China Gate is a 1957 American CinemaScope war film written, produced and directed by Samuel Fuller and released through 20th Century Fox. The film is set during the First Indochina War (1946–1954), and depicts the relationship between a sergeant of the French Foreign Legion and the Eurasian wife whom he had abandoned.

Plot
Sergeant Brock (Gene Barry) and Goldie (Nat King Cole) are American Korean War veterans now serving as French Foreign Legion mercenaries in the First Indochina War. Brock's wife is a "half caste" Chinese-European named "Lucky Legs" (Angie Dickinson) who resorts to smuggling to feed her five-year-old son she had with Brock. Brock abandoned her and the baby when he was born with Asian features, feeling a "half breed" would not be welcome in America; an attitude towards miscegenation prevalent at the time. Lucky is recruited by the French high command to use her expertise of the area and her connection to the communist Major Cham (Lee Van Cleef) to get a demolition squad of Legionnaires led by Brock to a vital hidden Viet Minh ammunition dump on the border with Red China. In return for her services, Lucky is promised by the French that they will arrange for her five-year-old son's emigration to America.

The raid is filled with animosity between the former lovers, booby traps, and enemy patrols.
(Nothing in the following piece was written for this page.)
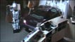 Um carro entrou pela porta de trás de uma sex shop, quebrando os vidros, pouco antes das seis da manhã.

On arrival at the ammunition dump hidden in a mountain, Lucky discovers the commanding officer is her former friend, Major Cham, who wants to take her and her son to a new life in Moscow. Cham is a high flyer corporate executive (in the manner of Fuller's gangsters in Underworld USA) marked for great things in the world of international communism. The sabotage mission is successful but at great cost, as Lucky dies blowing up the dump. Brock reconciles with his child and is last seen walking along holding his hand in preparation for returning to America, as Goldie reprises the title song.

Production
Fuller selected singer Cole after being impressed with his face on a record album cover.  Though Darryl F. Zanuck said Cole received more money in a few weeks than the entire budget of the film, Fuller arranged to meet Cole. Cole and his wife were interested in Goldie as an opposite to the racist Brock and agreed to work at a minimum salary.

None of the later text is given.